Performance

Tackler-NG has excellent performance and it can process from 250_000 to 700_000 txns per second on modern laptop.

What does it mean to process 250_000 txns per sec?

0.03 seconds (30 milliseconds): Journal with 3 transactions, in every day, for one year - that’s journal with one thousand (1 000) transactions.
0.15 seconds: Journal with 30 transactions, in every day, for one year - that’s journal with ten thousands (10 000) transactions.
2 seconds: Journal with a transaction in every minute, for one year - that’s journal with about 500 000 transactions.

These times are real wall clock values.

At the same time tackler can easily process journals with over one million transactions.

A million transaction journal is comparable to 3 000 transactions per day for one year. Or 100 transactions in every hour, every day, for one year.

Performance benchmarks

Typically tackler is 1.5-2x faster than ledger (C++), and 15-20x faster than hledger (Haskell) and 30-40x times faster than beancount (C++ and Python). At the same time, it has modest memory footprint, which is 2-4x smaller than memory usage of those other tools.

Set Size	Macbook Pro M3	i5-8250U @ 1.60GHz
1e3	0.03 sec	5 MB	0.02 sec	12 MB
1e4	0.05 sec	18 MB	0.15 sec	24 MB
1e5	0.17 sec	128 MB	0.40 sec	135 MB
1e6	1.41 sec	1450 MB	3.95 sec	1470 MB
Performance	+700_000 txn / s	+250_000 txn / s

Set Size

Macbook Pro M3

i5-8250U @ 1.60GHz

1e3

0.03 sec

5 MB

0.02 sec

12 MB

1e4

0.05 sec

18 MB

0.15 sec

24 MB

1e5

0.17 sec

128 MB

0.40 sec

135 MB

1e6

1.41 sec

1450 MB

3.95 sec

1470 MB

Performance

+700_000 txn / s

+250_000 txn / s

You can easily check the performance on your own system with pta-generator tool.

Test results

Tackler is performance tested to validate sanity of used algorithms and overall performance of system. These are ballpark figures and should be treated as such.

Artificial test data is used for performance test data. Used test sets are sets of 1E3, 1E4, 1E5 and 1E6 transactions. Tests are run for all report types, and also with transaction filtering and without.

Also Filesystem and Git based storage are tested.

Git Storage backend is performance tested with same data sets than filesystem based storage. Git Storage backend has same or better performance as filesystem backend.

There are five runs for each report type, the fastest and slowest run are removed from results, and then the remaining three values are used to calculate average.

Test setup and full results are described on Performance Readme document.

Test data

Performance testing is done with artificial transaction data which mimics real journal. Test data is generated with pta-generator, which can also generate ledger and beancount compatible journal formats.

Tests are done with all report and format types. Account validation is turned on, (e.g. strict.mode=true), so all accounts are checked that they are defined in Chart of Accounts.

Each transaction is located on own file, and sharding of transaction journals is based on txn dates (e.g. one transaction would be perf-1E6/YYYY/MM/DD/YYYYMMDDTHHMMSS-idx.txn, where idx is index of txn).

Used test sets (small and big) are:

1E3 (1 000) transactions
1E4 (10 000) transactions
1E5 (100 000) transactions
1E6 (1 000 000) transactions

Chart of Accounts for perf tests

Chart of Accounts has 378 entries and it is generated based on txn’s dates:

For "assets" following structure is used a:ay<year>:am<month>.

This yields to 12 different accounts:

...
"a:ay2016:am01",
"a:ay2016:am02",
"a:ay2016:am03",
...

For "expenses" following structure is used e:ey<year>:em<month>:ed<day>.

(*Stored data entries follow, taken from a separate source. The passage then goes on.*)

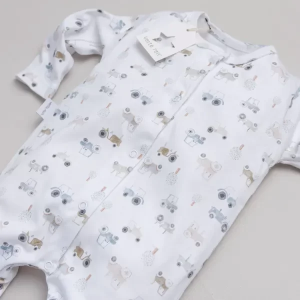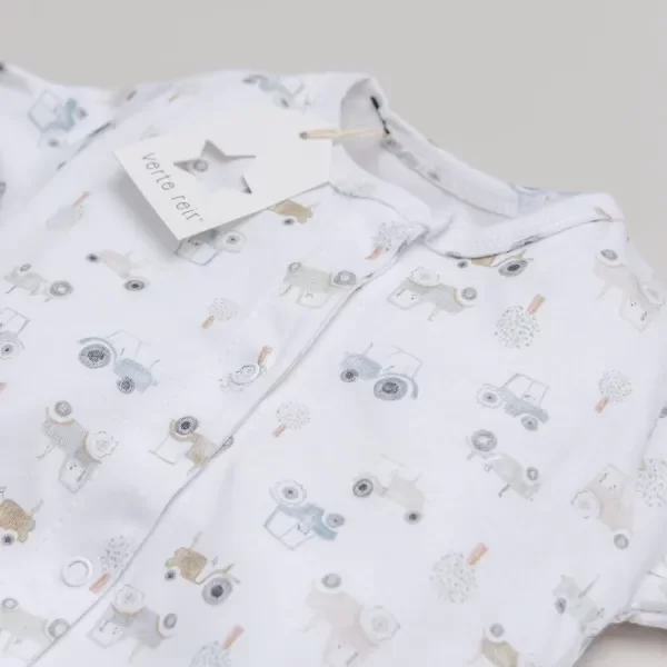 Lo diseñamos con una apertura total frontal, lo que facilita el cambio de ropa sin necesidad de manipular la cabecita de tu bebé. Tiene piecitos y ganchitos al tono, para que se vea aún más lindo.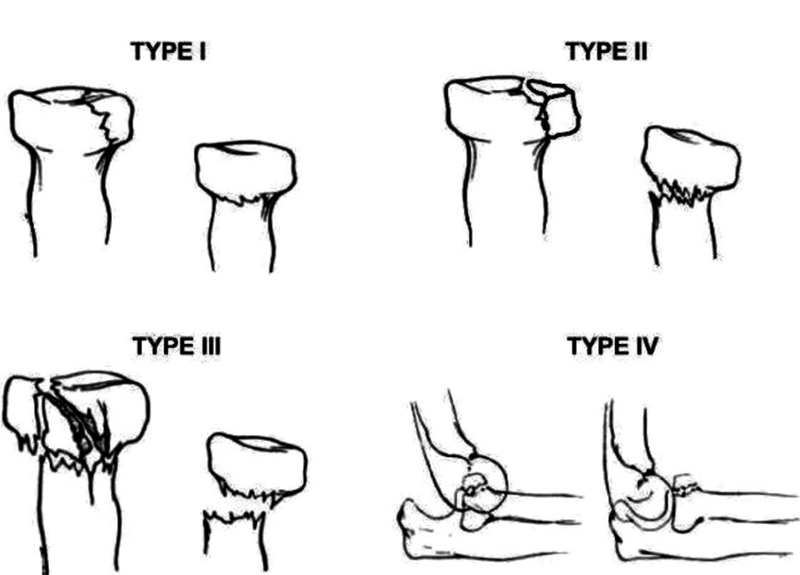 ①桡骨头前半球骨折;②桡骨头后半球骨折。
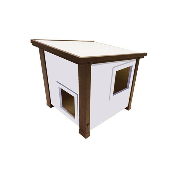 New Age Pet Ecoflex Albany Feral Cat House. Features a raised floor design and two entry/exit points for kittys safety. Backed by a 10-year limited manufacturer warranty. The ECOFLEX material is non-toxic eco-friendly and impervious to moisture and odor. This outdoor cat house Includes 1 vinyl door flap for each entry/exit point. Available in maple/brown and Mossy Oak Break-up Country.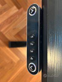 Legno e metallo. Altezza minima 69 cm. Altezza massima 115 cm. 2 x buchi cavi e un appendino laterale per accessori. Ritiro NoLo, vicino metro Pasteur.

This yields to 366 different accounts:

...
"e:ey2016:em01:ed01",
"e:ey2016:em01:ed02",
"e:ey2016:em01:ed03",
...

Single file or single input String

Tackler has same processing speed regardless how input is structured, e.g. the processing time is same for one big single journal file as it is for sharded transaction directories.

However, to optimize memory usage of tackler, bigger transactions sets over one hundred thousands (1E5) transactions should split over multiple files, and use FS or GIT storage system with shard directory structure. The one common way to split transaction journals is based on dates, or by producers (each have they own subtree of transactions or journal files which to use).